Lack of collective social control "collective efficacy"
Isolation from mainstream networks - jobs etc.
Availability of delinquent gangs ("cultural transmission of delinquency")
Racialised process "Sampson 1990) - can we design out crime? - can we design in community?
Crime and Opportunity
Ronald Clarke (1980) - criminological theories about motivation for crime have got it wrong. He states they are imprecise - vague connection between the cause and effect. Dispositions change - impractical
He says crime is an outcome of rational choice and offending is designed to benefit the offender
UNDERLYING IDEA: All of us are potential deviants - however, we make a cost/benefit calculation - we commit crime when there is an opportunity to do so
Benefits: - It has immediate practical use, we can understand why people make choices, AND influence them to make different choices
Routine Activity Theory
Why did crime rates rise from the 1950's? - How is crime situated in everyday life? - "Chemistry of Crime"
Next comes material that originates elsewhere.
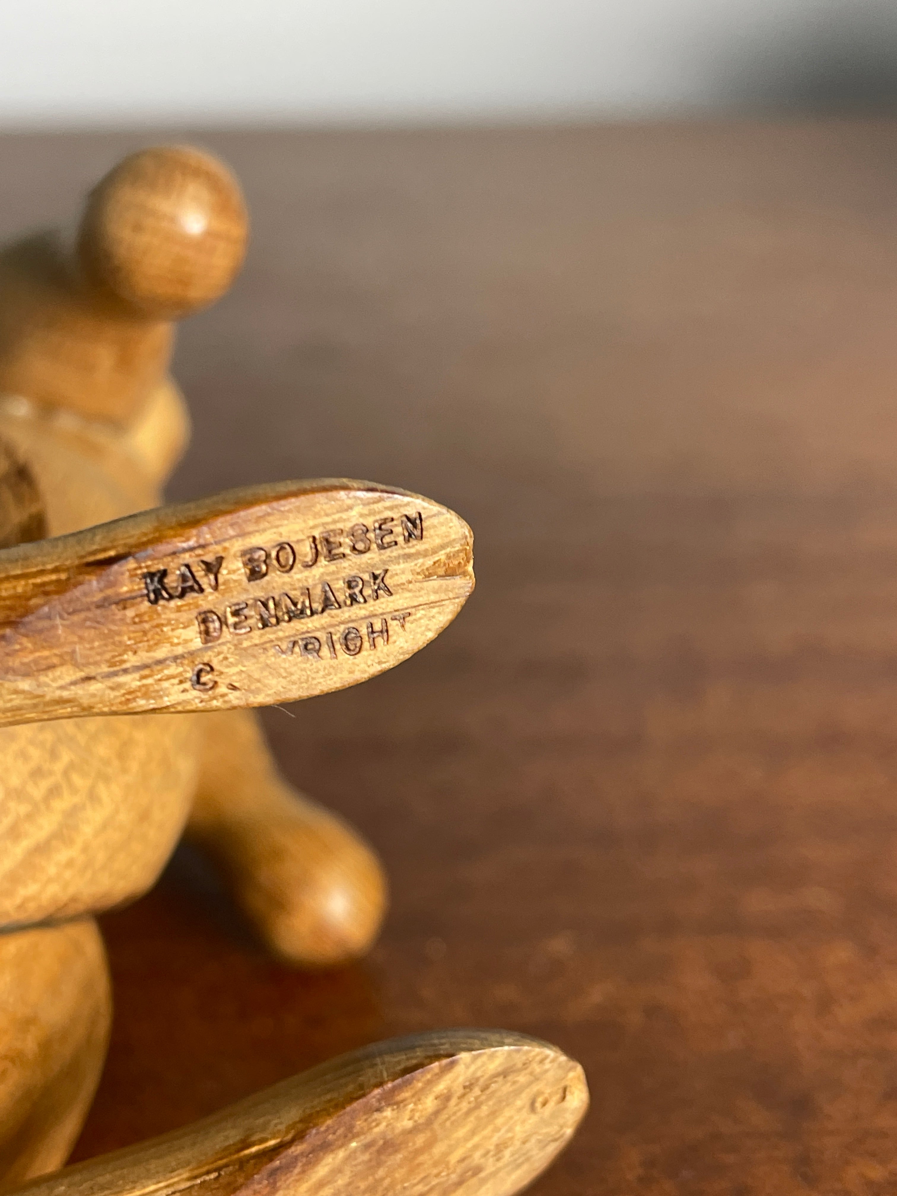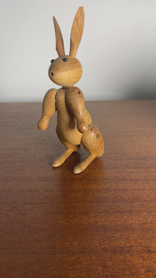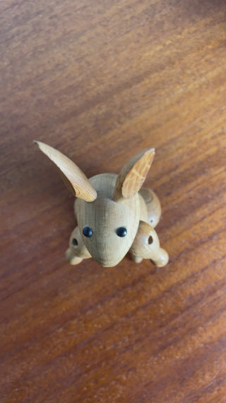 This little oak rabbit is the most charming creature and has a delightful look of surprise on his face. His ears are perked up to catch the conversation. His limbs has been glued by the previous owner and do not articulate. A lovely piece alone or to add to a collection of Kay Bojesen animals for any Danish Modern collector. Bottom of foot marked “Kay Bojesen | Denmark

Likely offenders + suitable targets ( visible, access, value, inertia ) + absence of capable guardians - must converge in time and space
Routine Activity and Space
Shows how offenders, targets and guardians move into and out of potential crime settings
Implications: How do features of daily life lead to more or less crime? -
Can we deter likely offenders?
Can we reduce suitable targets?
Can we create capable guardians?
Architecture and Design
Defensible Space - Oscar Newman 1973
Encourage the development of collective social control - encourage sense of safety - FOUR key principles - Territoriality, surveillance, image, environment
Criticisms
Not enough attention to the stigma of labelling estates
Ignores policing tactics
Ignores housing policies
Is the threat from outsiders?
Crime and Disorders
Broken Windows (Wilson and Kelling 1982)
People are mostly concerned about public order, crime and disorder are linked - importance of visible crimes (e.g. vandalism) - if they go unchallenged.. lead to breakdown of community controls and breeds further disorder - particularly important if they are signal crimes - (Innes 2004)
"Signal Crimes" - "Yes it is daft, it is almost daft, but graffiti is the sort of thing that bothers me more, because it is in my face everyday. I mean obviously rape and murder are horrendous crimes, but it is graffiti I see" - Innes 2004
Policy Implications of "Broken Windows" thesis
Zero tolerance policy.. policing visible signal crimes?